The wait is nearly over, Phoenix.
In just one week Ocotillo, the highly anticipated Central Phoenix restaurant from co-chefs Walter Sterling and Sacha Levine, will open its doors to the public. Located on the southeast corner of Third Street and Flower, Ocotillo occupies a sprawling indoor/outdoor complex complete with a beer garden, lawn, and separate coffee bar. It's a space clearly designed with the neighborhood in mind — and we got a first look, inside and out.
Visible off Third Street is the main building that houses the restaurant, bar, and kitchen. The dining room, filled with plush banquettes and chairs, can seat about 60 with an additional seating at a handsome U-shaped bar. Just outside a white subway tile-lined kitchen, you'll find a large community table and a few more booths. Art by Mike Oblinski adorns the dining room walls; they're mostly Arizona storm photography and adds a bit of local flair to the space.
Double doors off the restaurant open into Ocotillo's giant outdoor space, with a cement path running straight out to the parking lot. (Theres'a about 40 spots.) To one side you'll see a second bar and beer garden, while to the right there's an outdoor chef's table and yet-to-be-built brick oven.

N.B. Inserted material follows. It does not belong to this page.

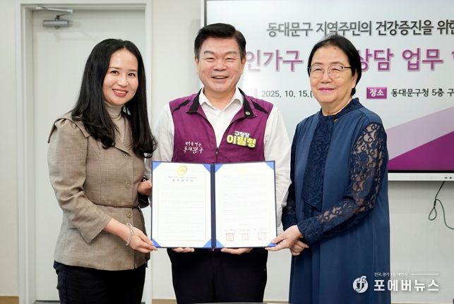 [ 포에버뉴스 김경순 기자 ] 서울 동대문구는 15일 의료생활협동조합 사랑나눔치과(이사장 문영자) 및 동대문구가족센터(센터장 한미영)와 1인가구의 치아건강 증진을 위한 업무협약을 체결했다.

The beer garden, covered by a corrugated metal roof, consists of community-style seating. Drinkers will be able to order beer, wine, and cocktails from the separate outdoor bar and drink under strings of hanging lights. The space spills into an outdoor lounge with seating around a cozy fire pit and another seating area that overlooks Ocotillo's sunken-down lawn.
The lawn, meant to be for families with kids or people who just want to hang out somewhere green, also features rollaway wooden doors that hide a giant projection screen. Sterling says he hopes to show movies and games; the screen also rolls up so it can double as a stage for live music.
In the far corner of the complex you'll find O To-Go, Ocotillo's stand-alone coffee bar. Here's where customers can pop in for coffee and snack. In addition to pastries and drinks, O T-Go will offer sandwiches and salads. There's seating inside the shop, as well as outside along a bar. At night, the space could also be converted into a third bar for beer and wine, if there's demand.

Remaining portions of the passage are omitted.